**Exercise description:**
An exact copy is needed of the lines in the entries below from the line with "以往,各种安全学习教育主要以" up to and including the line with "T4111夏季高级感新款男士潮牌扎染叶子图案设计短袖T恤潮流圆领上衣潮", and of nothing else. Leave the pictures out.

**Given data:**
Segment Open
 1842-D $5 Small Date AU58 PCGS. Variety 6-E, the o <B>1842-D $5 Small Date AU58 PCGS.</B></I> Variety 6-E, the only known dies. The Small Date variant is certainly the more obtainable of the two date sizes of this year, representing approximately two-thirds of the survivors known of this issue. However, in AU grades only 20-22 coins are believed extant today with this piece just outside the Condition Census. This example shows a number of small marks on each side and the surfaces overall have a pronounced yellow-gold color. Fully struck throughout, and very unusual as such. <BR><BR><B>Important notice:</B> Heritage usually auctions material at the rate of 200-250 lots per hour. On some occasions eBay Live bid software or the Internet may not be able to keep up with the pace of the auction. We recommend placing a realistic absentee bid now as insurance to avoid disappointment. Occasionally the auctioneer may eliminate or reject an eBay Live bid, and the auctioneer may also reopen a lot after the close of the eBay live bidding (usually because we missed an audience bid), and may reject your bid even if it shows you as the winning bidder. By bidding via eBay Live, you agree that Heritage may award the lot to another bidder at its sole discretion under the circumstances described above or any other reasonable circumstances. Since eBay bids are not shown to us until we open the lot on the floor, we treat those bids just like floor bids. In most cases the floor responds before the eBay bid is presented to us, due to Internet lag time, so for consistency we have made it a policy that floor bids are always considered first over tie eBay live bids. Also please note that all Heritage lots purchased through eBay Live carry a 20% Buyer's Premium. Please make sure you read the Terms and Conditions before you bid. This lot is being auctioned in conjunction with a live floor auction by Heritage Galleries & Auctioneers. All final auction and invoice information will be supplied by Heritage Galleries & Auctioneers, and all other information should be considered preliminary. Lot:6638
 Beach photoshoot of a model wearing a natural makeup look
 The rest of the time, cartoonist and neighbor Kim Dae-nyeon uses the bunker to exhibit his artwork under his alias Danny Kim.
Segment Closed
Segment Open
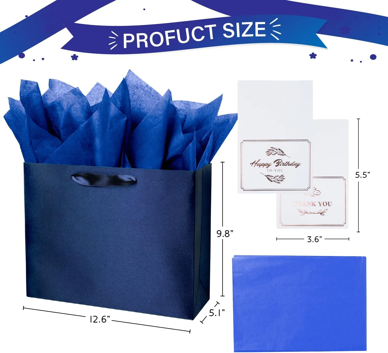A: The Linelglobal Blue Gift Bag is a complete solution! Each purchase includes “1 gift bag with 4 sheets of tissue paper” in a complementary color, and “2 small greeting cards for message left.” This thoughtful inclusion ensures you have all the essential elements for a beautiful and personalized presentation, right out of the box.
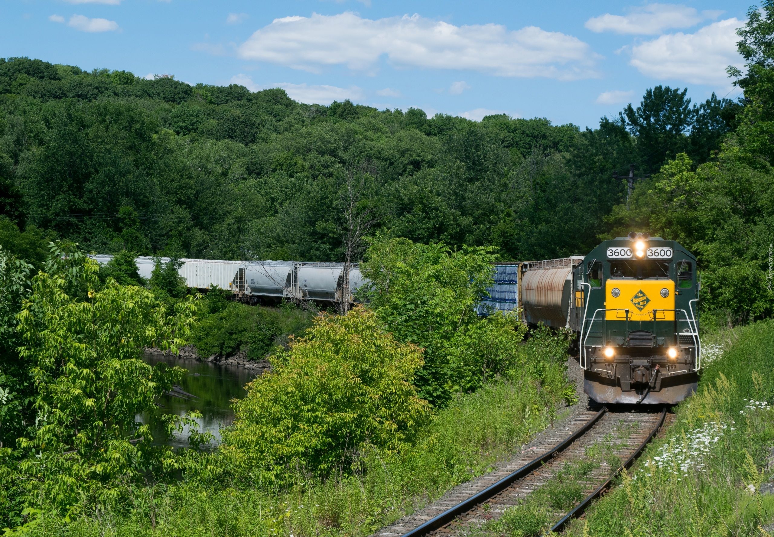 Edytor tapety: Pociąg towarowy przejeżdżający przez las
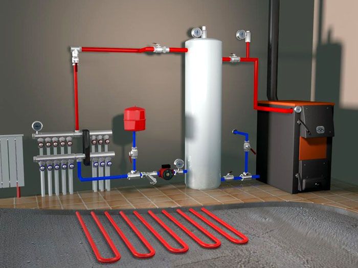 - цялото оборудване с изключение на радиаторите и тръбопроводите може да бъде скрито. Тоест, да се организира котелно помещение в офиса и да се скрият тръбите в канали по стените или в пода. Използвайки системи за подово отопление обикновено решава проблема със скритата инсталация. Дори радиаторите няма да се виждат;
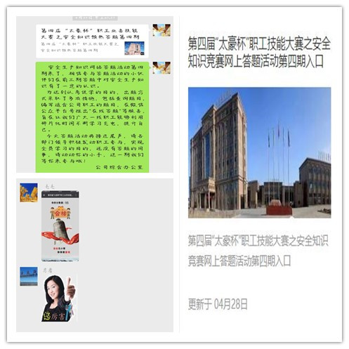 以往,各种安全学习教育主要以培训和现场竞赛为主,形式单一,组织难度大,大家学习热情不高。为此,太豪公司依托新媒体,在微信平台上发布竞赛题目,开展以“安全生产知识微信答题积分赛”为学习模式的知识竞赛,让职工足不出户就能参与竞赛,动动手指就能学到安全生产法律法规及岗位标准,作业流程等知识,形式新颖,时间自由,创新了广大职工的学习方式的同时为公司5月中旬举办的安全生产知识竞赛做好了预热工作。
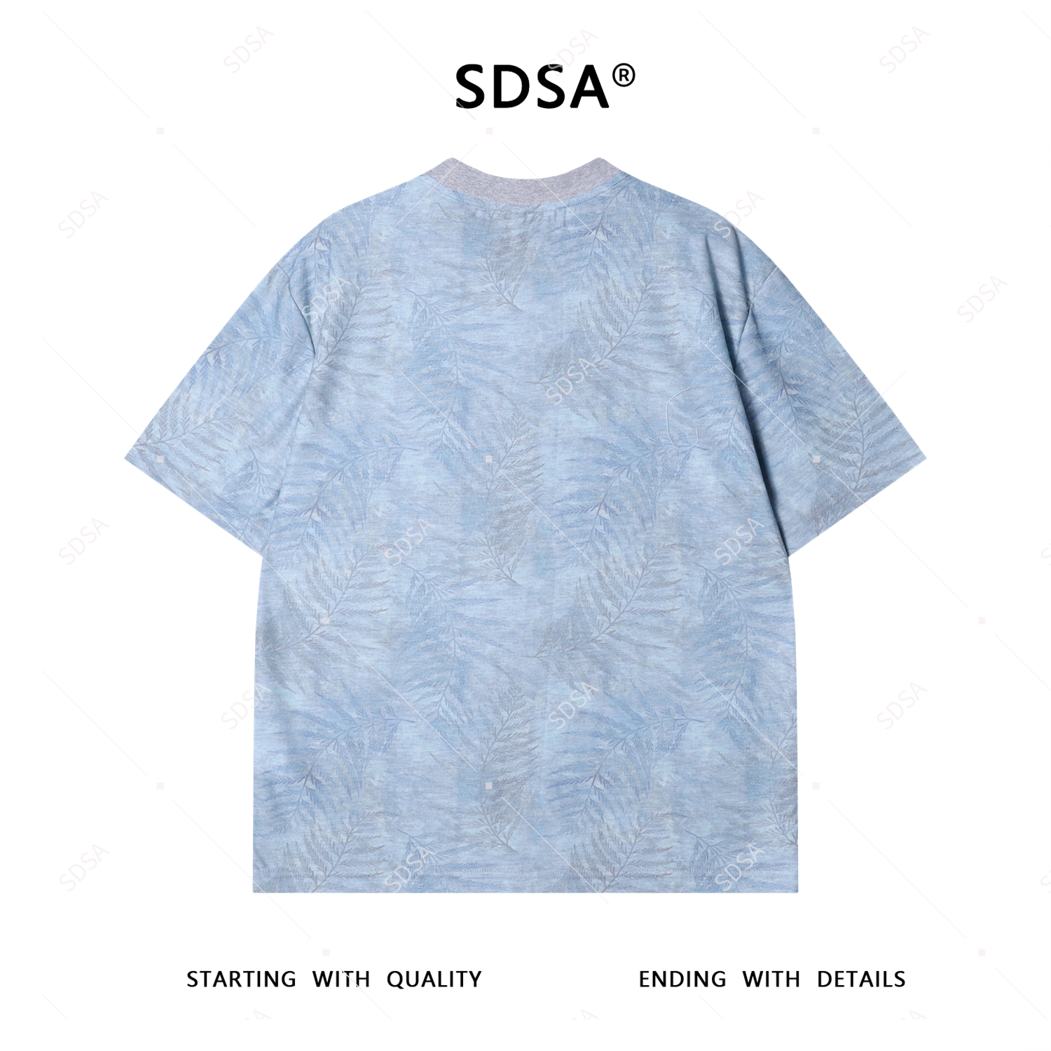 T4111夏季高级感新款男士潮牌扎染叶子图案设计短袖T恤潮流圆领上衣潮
Segment Closed
**Answer section:**
 以往,各种安全学习教育主要以培训和现场竞赛为主,形式单一,组织难度大,大家学习热情不高。为此,太豪公司依托新媒体,在微信平台上发布竞赛题目,开展以“安全生产知识微信答题积分赛”为学习模式的知识竞赛,让职工足不出户就能参与竞赛,动动手指就能学到安全生产法律法规及岗位标准,作业流程等知识,形式新颖,时间自由,创新了广大职工的学习方式的同时为公司5月中旬举办的安全生产知识竞赛做好了预热工作。
 T4111夏季高级感新款男士潮牌扎染叶子图案设计短袖T恤潮流圆领上衣潮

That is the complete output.